I love math and science, and have a passion for helping others learn. I'm currently studying Physical Science Teaching in hopes of teaching middle school general science. I've finished all of my coursework except one course in which I'm currently enrolled, and am awaiting student teaching placement.
Outside of tutoring I enjoy playing video games, particularly puzzle and strategy games, and being outdoors, discovering the area around me.
Education & Certification
Undergraduate Degree: Brigham Young University-Provo - Current Undergrad, Physical Science Teaching
On my spare time I enjoy playing video games, particularly puzzle and strategy games, playing board games, and being outdoors. Having recently moved it is great to get out and explore what the area has to offer.
What is your teaching philosophy?
A student needs to be both challenged and supported. Rather than being given the answer to a problem, a student should be helped to see a method they can use on any problem they encounter, with concrete steps to take out the guess work.
What might you do in a typical first session with a student?
I spend some time discussing with the student his or her strengths and weaknesses, as well as his or her interests outside of the subject area. That will give me a good idea where to start and what kinds of examples to use to help the student start to work on the problems they are facing.
How can you help a student become an independent learner?
I can help a student become an independent learner by helping them learn processes, rather than memorizing facts and figures. If a student understand the process necessary to solve a problem, rather than having just memorized a list of stats, they will be able to take control of their own education.
How would you help a student stay motivated?
I would help a student stay motivated by helping them track and see their progress. It is hard to stay motivated when you don't feel like you're accomplishing your goal, so I would help a student set measurable goals in their studies, letting them track and see progress.
If a student has difficulty learning a skill or concept, what would you do?
If a student is having a hard time on a concept, I would start by asking questions about the underlying ideas necessary to complete the problem they are facing. Often, difficulty in a new area results from either not having a firm grasp of the underlying principles or not seeing how they connect to the new task.
How would you help a student get excited/engaged with a subject that they are struggling in?
Getting engaged in a subject is often a matter of seeing how it relates to your own interests and connecting underlying principles. Therefore, to help a student get excited about a subject, I would first find out what they are interested in outside of academics and find ways to relate those interests to the task at hand, helping them see that there is more to it than just memorizing facts and figures.

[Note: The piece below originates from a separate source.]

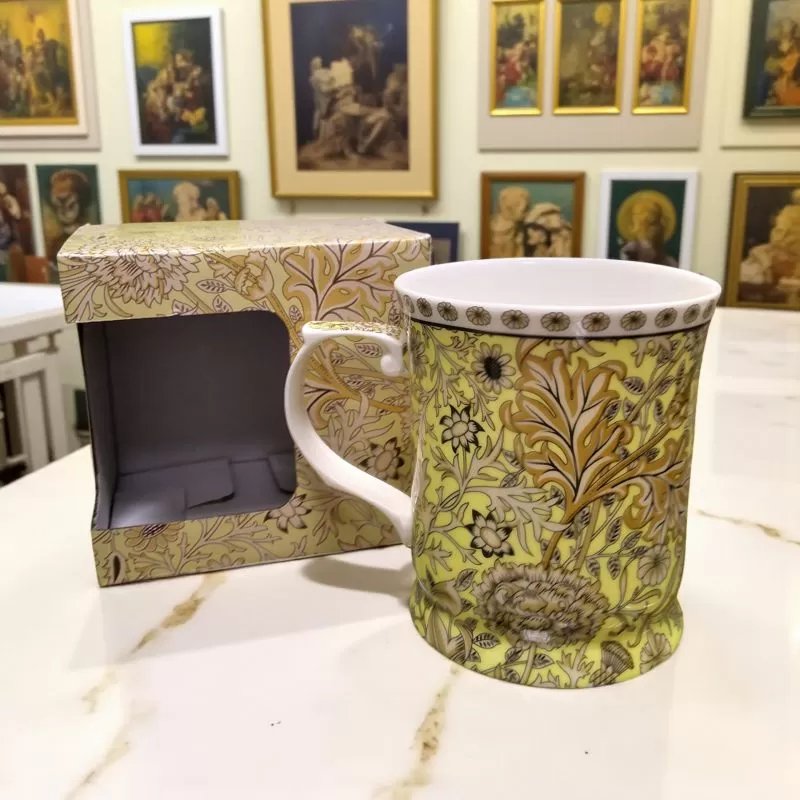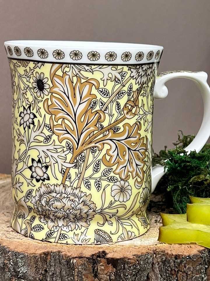 Фарфорова кружка «Морріс» — це справжній шедевр у світі посуду, створений для тих, хто цінує естетику у повсякденних дрібницях. Її дизайн натхненний роботами видатного художника Вільяма Морріса — майстра, який перетворив природні візерунки на витончені символи затишку та гармонії. Тонкий фарфор вкритий теплим золотисто-жовтим фоном, прикрашеним вишуканим рослинним орнаментом, що ніби оживає на світлі. Кожна деталь малюнка дихає історією та шляхетністю англійського стилю.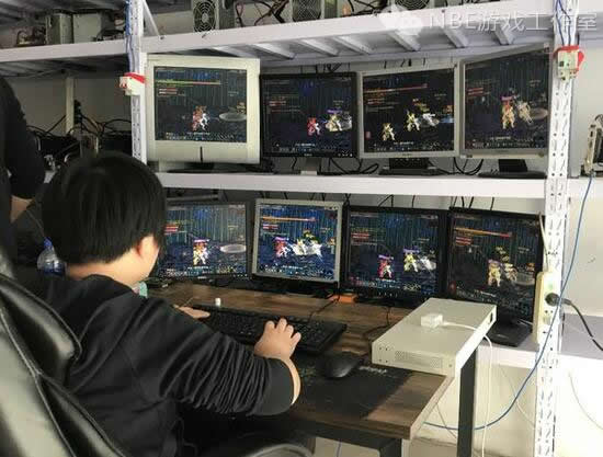 里屋是工作间,靠墙摆放着巨大的白色铁架,散装的风扇在上面大声呼啸。8台15英寸显示器排成两行,这些显示器分属5个不同的牌子。所有显示器上都是相似的画面,这些画面由同一个键盘操作着。而正在敲击键盘的是一个女人。在她眼里,这显然是工作,而非游戏。

What techniques would you use to be sure that a student understands the material?
After working with a student, I would be sure to ask related follow-up questions to make sure they understand what they've been studying. The questions would not be a verbatim repeat of questions they've already answered, but similar questions that would require the student to follow similar processes to reach the correct answer.
How do you build a student's confidence in a subject?
I help a student build confidence by helping them see the progress they are making and giving them proper praise for work well done. Not only will I point out to them how they have improved, but I will also help them set their own measurable goals to see that they are indeed getting better.
How do you evaluate a student's needs?
The best way to evaluate a student's needs is by asking questions. What areas is the student doing well in? What areas are they struggling in? Are there specific parts of the subject that they are aware they don't understand? It is also helpful to look over previous work to see where any mistakes might be made.
How do you adapt your tutoring to the student's needs?
Adapting to needs requires first knowing what those needs are. Once I'm aware of where the student is in the subject, I can then help them scaffold their understanding, building on principles they already understand. One student might have a strong understanding of the conceptual material, but not of the equations used to solve a problem, and another student might find themselves in the opposite corner.